A young assassin named Aomame enters a parallel existence, which she calls 1Q84 – “Q is for ‘question mark.’ A world that bears a question.” Meanwhile, an aspiring writer named Tengo takes on a suspect ghostwriting project. Their narratives converge over the course of a year as a parallel reality seems to supplant what existed before.

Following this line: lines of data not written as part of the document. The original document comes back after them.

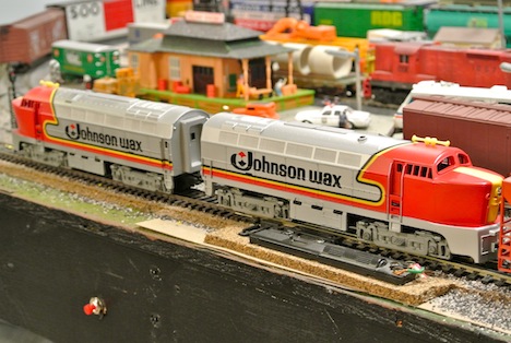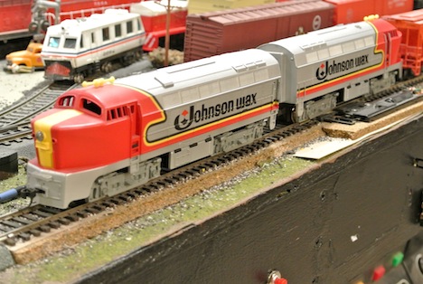 Got my Johnson Wax Shark from Chops all cleaned up and running. Needed a shot of TV tuner cleaner, two new traction tires , replaced a broken plastic flanged wheel, two new knuckle couplers and a quick scrubbing and touch up with a silver sharpie. Looking fresh and running good! Now I have that JW AA set I was after
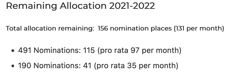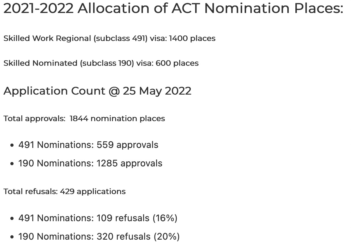 根據官網更新顯示,截至2022年5月25日,堪培拉491州擔提名已通過559個,拒絕109個,拒絕率為16%;190州擔當提名已通過1285個,拒絕320個,拒絕率為20%。491和190共計通過1844個,共計拒絕429個。
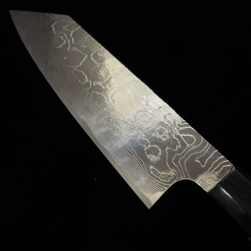 Para el núcleo de la hoja forjada se utiliza VG10, reconocido como acero de alta calidad para cuchillería, y para las capas exteriores un acero damasco con contenido de níquel que realza la belleza del patrón.
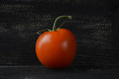 Czerwony pomidor na czarnym drewnianym tle, zbliżenie z miejscem na tekst
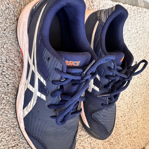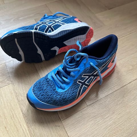 Asics träningsskor i storlek 38. Skorna har ovandel i blått meshmaterial med svarta detaljer och snörning. Yttersulan är i gummi med mönstrad undersida för grepp. Passar för träning och annan vardagsanvändning där lätta och ventilerande skor önskas.
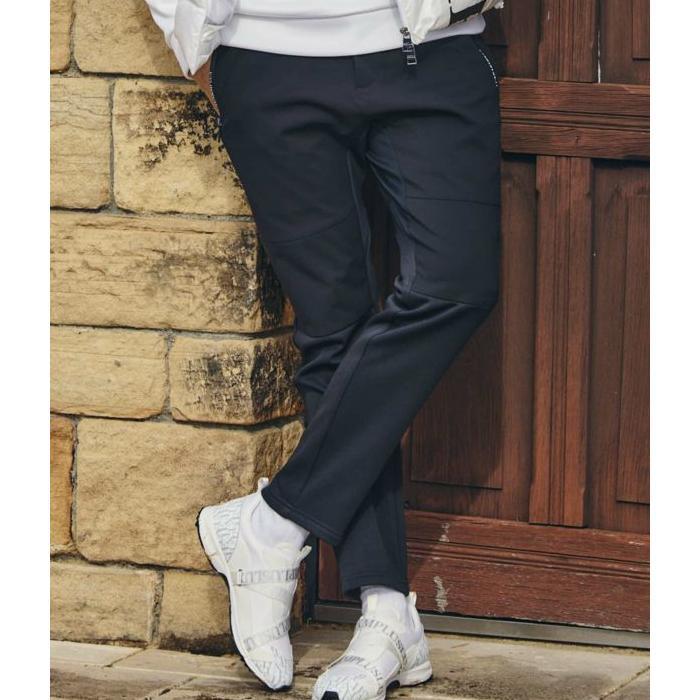 サイドロゴデザインがスタイリッシュかつスポーティな表情を形成するスラックスパンツ。
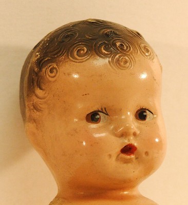 VINTAGE BABY DOLL, JOINTED, PAINTED EYES and LIPS, SCULPTED HAIR, paper mache?
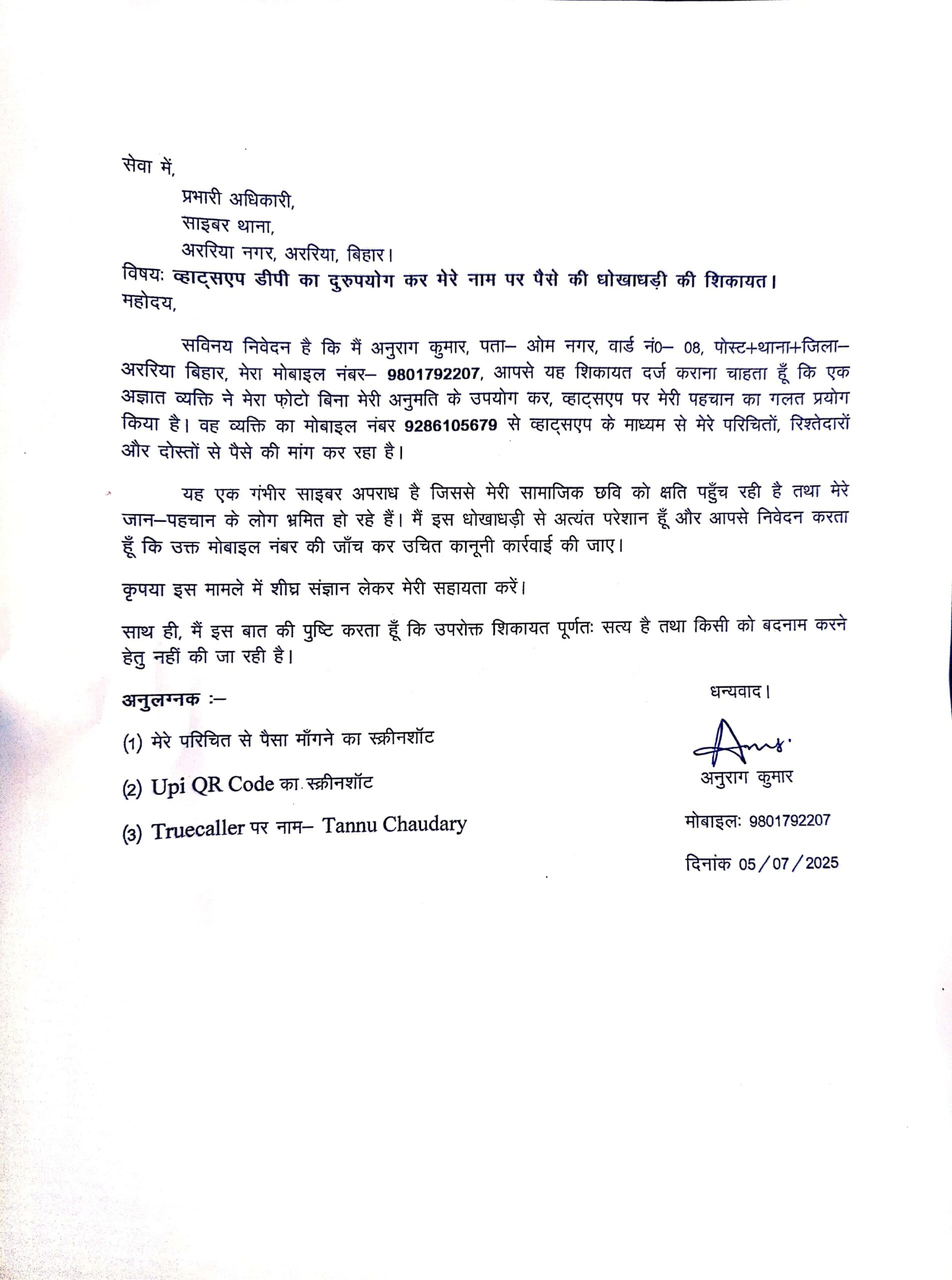 नजरिया न्यूज,अररिया। ओमनगर, वार्ड नं-08 निवासी अनुराग कुमार ने एक अज्ञात व्यक्ति द्वारा उनकी फोटो का दुरुपयोग कर फर्जी व्हाट्सएप आईडी बनाकर लोगों से पैसे मांगने का गंभीर आरोप लगाया है। उन्होंने इस संबंध में संबंधित थाने में लिखित शिकायत दर्ज कराई है।
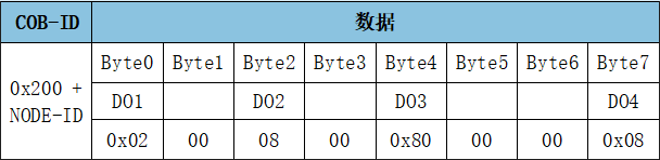 RPDO1用于表示改變(寫入)數(shù)字量輸出的狀態(tài),幀ID為0x200+Node ID,數(shù)字量輸出默認由一個字節(jié)來控制(寫入),DO4在高位,DO1在低位。RPDO1:
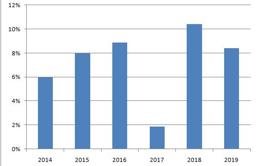 Ikigishushanyo cyerekana uko umusaruro mbumbe w’igihebwe cy’ambere kuva 2014 kugera 2019
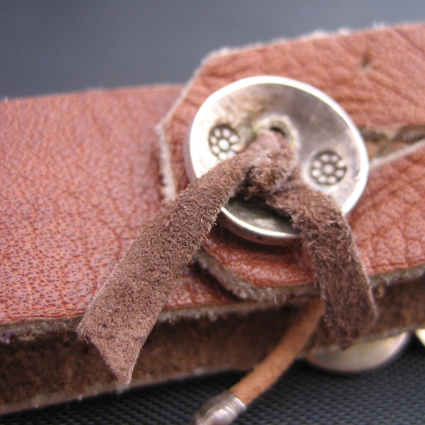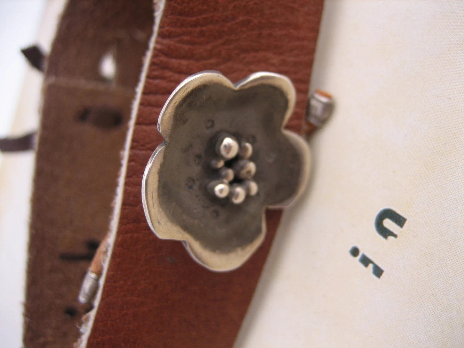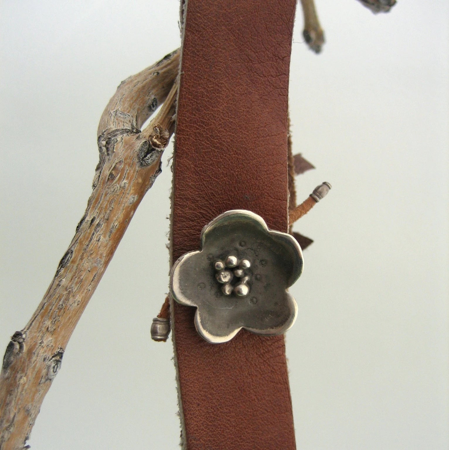 Earth brown leather wrap hosts our lone flower (hand made from sheet silver by us!). Closes with a single hand made sterling button. These bracelets soften and patina beautifully so go ahead wear yours every day!

… Murakami’s most elaborate and sustained riff yet on themes he has reworked for thirty years: solitude, thwarted desire, Japan’s (and humankind’s) latent violent streak, the shadow of mortality, the shape of time, the elusiveness of the self, the malleability of reality … 1Q84 induces a quintessentially Murakamian vertigo—the past seeps into the present, cause and effect become scrambled, and the characters are swept along by forces beyond their control and comprehension. The most potent of these forces is fiction. 1Q84 is rife with stories-within-stories, and some of these stories, once told, can warp reality, or literally change the world … The microfictions planted throughout 1Q84 are like little time bombs, detonating not on impact but later, unexpectedly, as they take on new resonances or intersect with other narratives. More than any Murakami novel to date, 1Q84 is fiction about the power of fiction—a metafictional experiment that has the effect of a spell.

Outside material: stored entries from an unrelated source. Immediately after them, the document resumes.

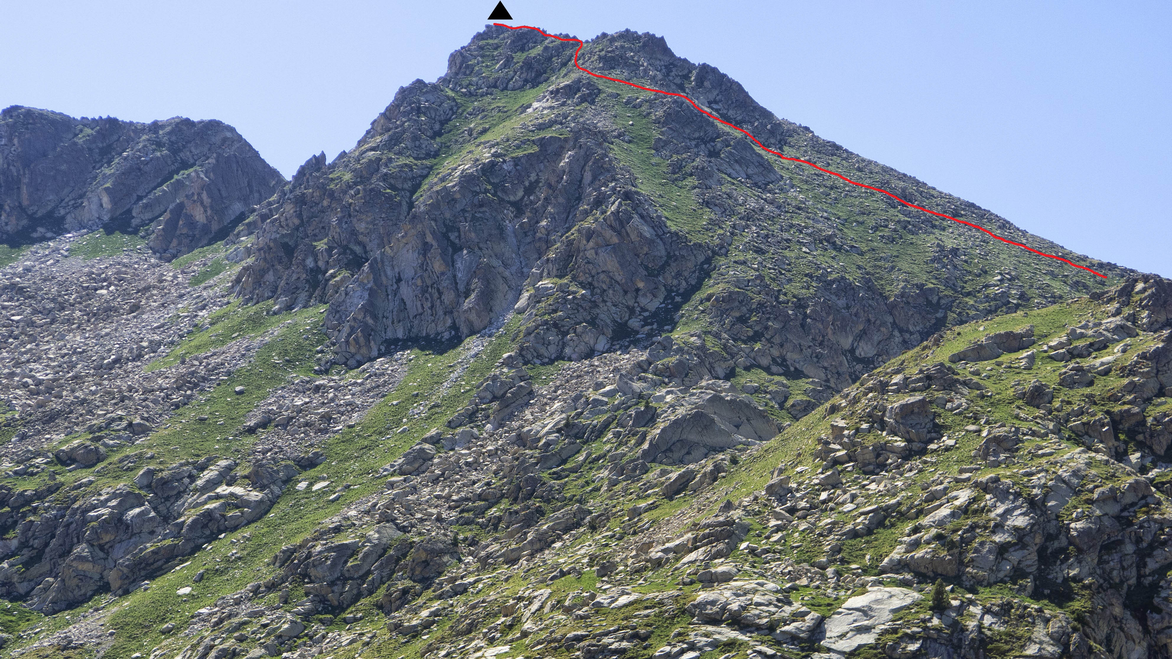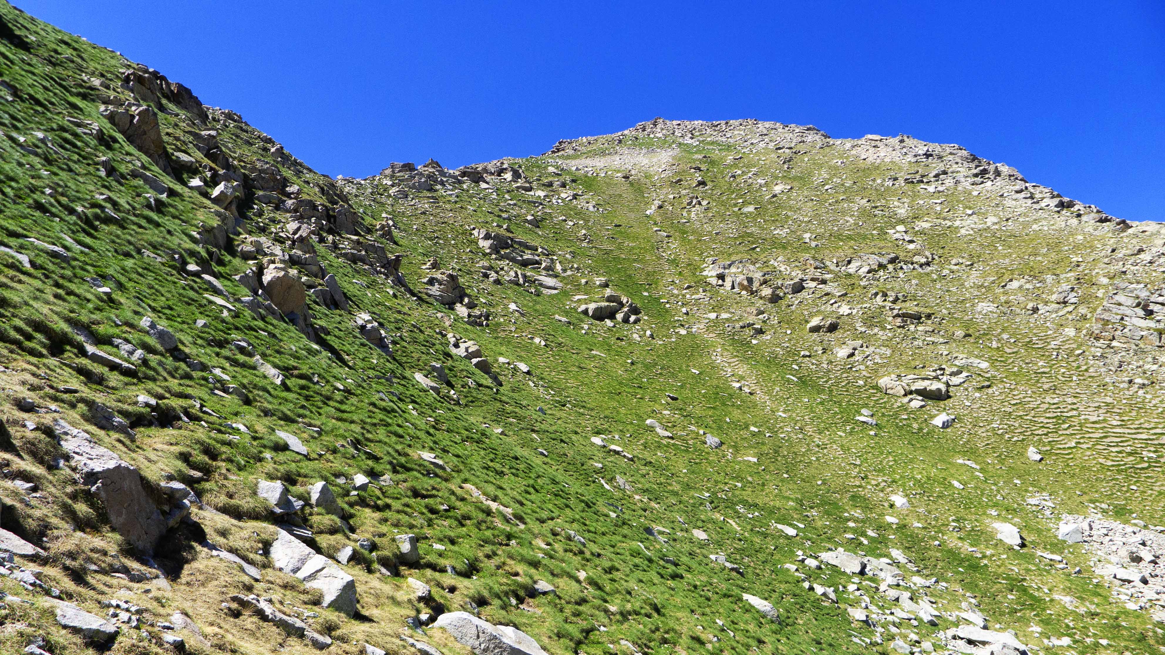 Se presumen dos alternativas para llegar a la agreste cumbre del Clot de Mainera. La primera sigue a toda cresta; una opción que parece algo complicada, puesto que la arista parece muy vertical y con pasos escabrosos, con gendarmes por doquier. La segunda vía, que es la que seguiremos, va por las pendientes herbosas de la cara este, empinadas en extremo, ganando altura pasando por terrazas y roquedo.
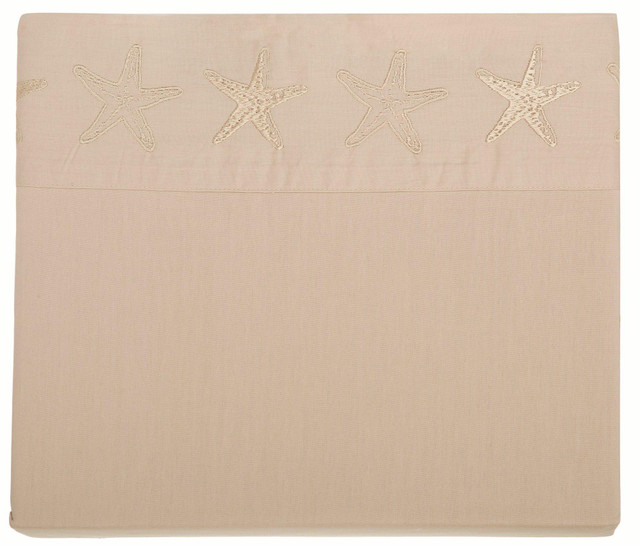 Pick up a piece of the Panama Jack lifestyle and relax into your favorite time and place. This 100% cotton percale sheet set features a starfish embroidery and 200 thread count. Set includes one embroidered flat sheet, one fitted sheet, and two embroidered pillow cases (one for twin size).
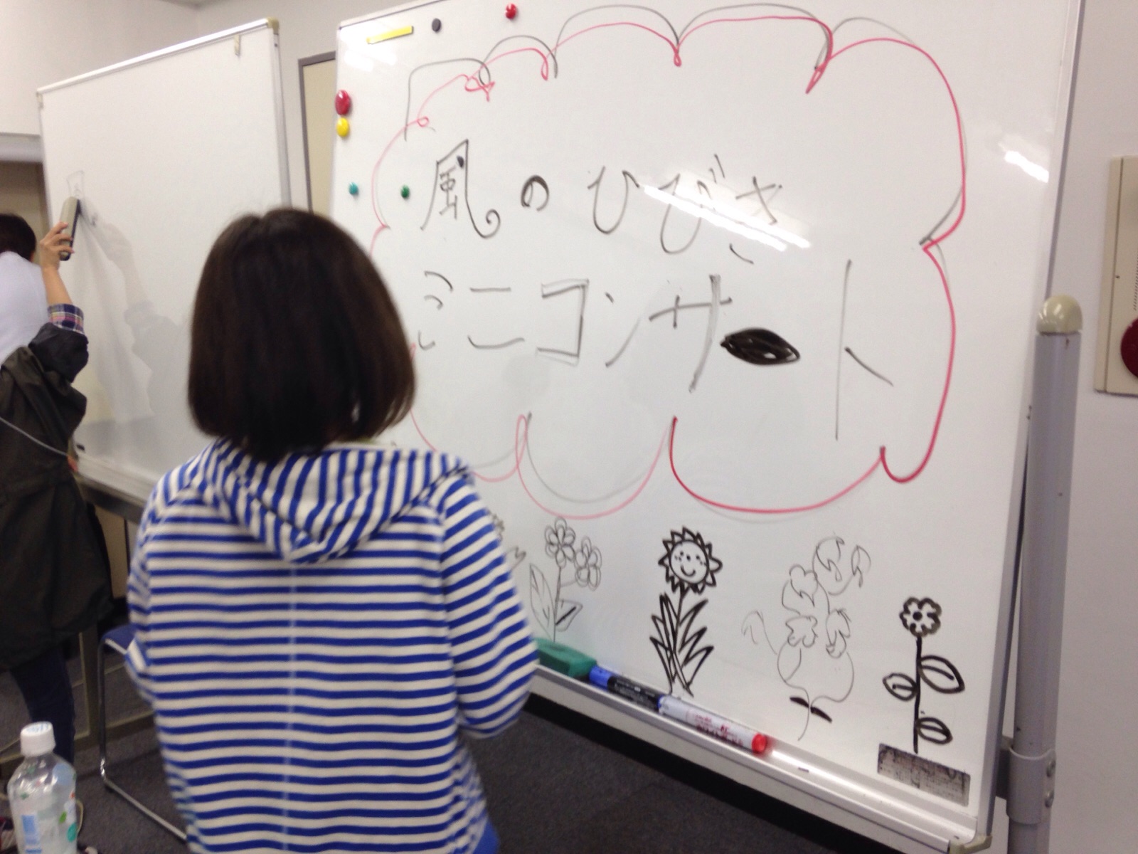 礼拝後に風のひびきミニコンサートを行いました。いつも子どもたちが看板を書いてくれます。(^o^)/ いのちの冠福岡教会

In this book, Murakami, who is nothing if not ambitious, has created a kind of alternative world, a mirror of ours, reversed … At one point, a character argues against the existence of a parallel world, but the two main characters in 1Q84 (Q=‘a world that bears a question’) are absolutely convinced that they live not in a parallel world but in a replica one, where they do not want to be … What’s fascinating about 1Q84 is its ambivalence about ‘the logic of reality’ and its wish to plunge the reader into the ‘far greater power’ of Unreality’s unlogic, which has the advantage of revolutionary fervor and reformism.

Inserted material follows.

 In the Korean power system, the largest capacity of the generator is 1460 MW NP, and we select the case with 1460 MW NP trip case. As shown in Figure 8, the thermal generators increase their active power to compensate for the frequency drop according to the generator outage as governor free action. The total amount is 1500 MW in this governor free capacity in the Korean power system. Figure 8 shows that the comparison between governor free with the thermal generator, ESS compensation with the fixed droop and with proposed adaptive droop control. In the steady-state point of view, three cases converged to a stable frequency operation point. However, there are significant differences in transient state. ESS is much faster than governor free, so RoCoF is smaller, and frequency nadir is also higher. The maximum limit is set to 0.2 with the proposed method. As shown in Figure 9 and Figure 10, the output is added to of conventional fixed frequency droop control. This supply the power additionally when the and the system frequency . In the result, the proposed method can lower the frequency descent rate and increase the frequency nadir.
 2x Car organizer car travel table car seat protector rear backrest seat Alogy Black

Somehow all of it — Tengo, Fuka-Eri, the book they created together, Aomame, and the dowager who hires Aomame to kill abusive men — is connected … Murakami’s characters, too, live their lives in time. Not the artificially compressed narrative time of a shorter novel or most movies, but the regular, stop-and-start time of actual life, which sometimes drags and sometimes even just seems to go around in circles … It is an exhilarating idea: not two worlds, side by side, but just one, swallowing itself, turning itself inside out, becoming the world that it isn’t, while still being the one that it is. The world as a self-revising document. To have even reached for this — to have articulated the idea well enough — is admirable. To have actually gotten ahold of it and conveyed it to the effect that Murakami has in 1Q84 is a feat of remarkable imagination.